Perhaps vertical concatenation is what you want?
>> A = table([5;6;5],['M';'M';'M'],[45;41;40],[45;32;34],{'NY';'CA';'MA'},...
'VariableNames',{'Age' 'Gender' 'Height' 'Weight' 'Birthplace'},...
'RowNames',{'Thomas' 'Gordon' 'Percy'})
A =
3x5 table
Age Gender Height Weight Birthplace
___ ______ ______ ______ __________
Thomas 5 M 45 45 {'NY'}
Gordon 6 M 41 32 {'CA'}
Percy 5 M 40 34 {'MA'}
>> B = table(['F';'M';'F'],[6;6;5],{'AZ';'NH';'CO'},[31;42;33],[39;43;40],...
'VariableNames',{'Gender' 'Age' 'Birthplace' 'Weight' 'Height'})
B =
3x5 table
Gender Age Birthplace Weight Height
______ ___ __________ ______ ______
F 6 {'AZ'} 31 39
M 6 {'NH'} 42 43
F 5 {'CO'} 33 40
>> [A;B]
ans =
6x5 table
Age Gender Height Weight Birthplace
___ ______ ______ ______ __________
Thomas 5 M 45 45 {'NY'}
Gordon 6 M 41 32 {'CA'}
Percy 5 M 40 34 {'MA'}
Row4 6 F 39 31 {'AZ'}
Row5 6 M 43 42 {'NH'}
Row6 5 F 40 33 {'CO'}
I appreciate the Thomas the Tank Engine reference very much. ^.^
This is somewhat helpful, but I still run into the issue that my new data doesn't have the same number of columns as the main table.

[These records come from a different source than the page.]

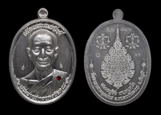 เหรียญไข่ เนื้อเงิน หลวงปู่จื่อ เลื่อนสมณศักดิ์ ฝังพลอย เลข 20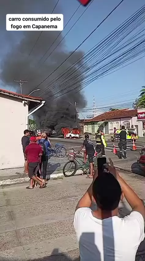 carro consumido pelo fogo em Capanema
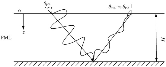 Consider a plane wave propagating into the PML domain along the z-axis at a θ angle (Figure 5); this wave can be expressed as follows:
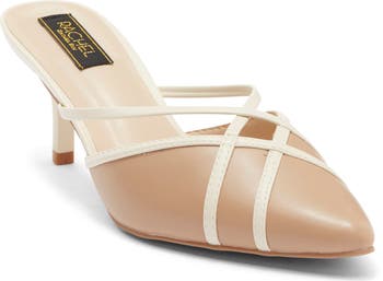 Crisscrossing straps bring modern flair to this pointed-toe mule lifted by a modest heel for polished style.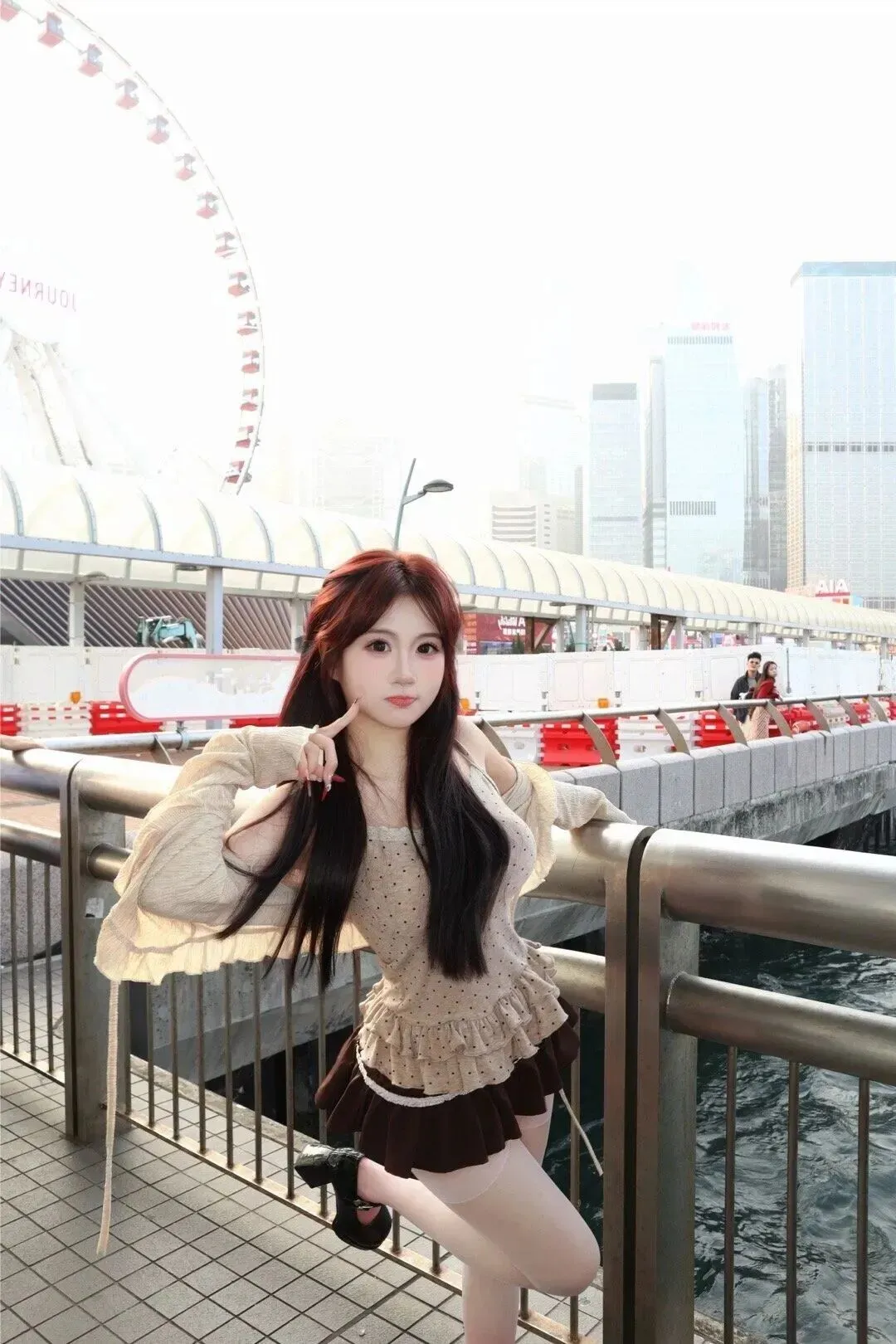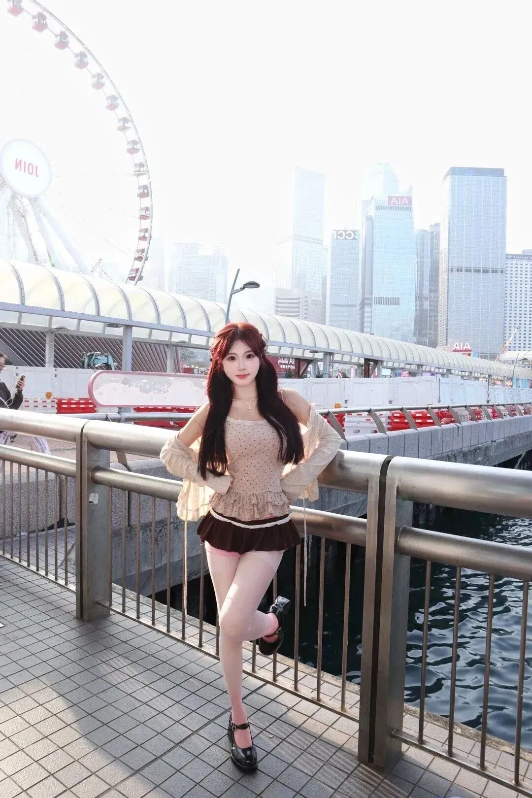 该种搭配很适合拍照,在滨水区、老街巷都可以出片。坐着栏杆之处,背景是耸立云端的摩天轮,懒散的城市人。

I may be able to give it more columns as a workaround, but that seems rather inelegant.
It seems to me that this ought to be an option in the synchronize() function, as an alternative to the current default behavior of appending the source table name to the column name in the unified table. If the time data doesn't conflict, unify the columns; if it does conflict, throw an error.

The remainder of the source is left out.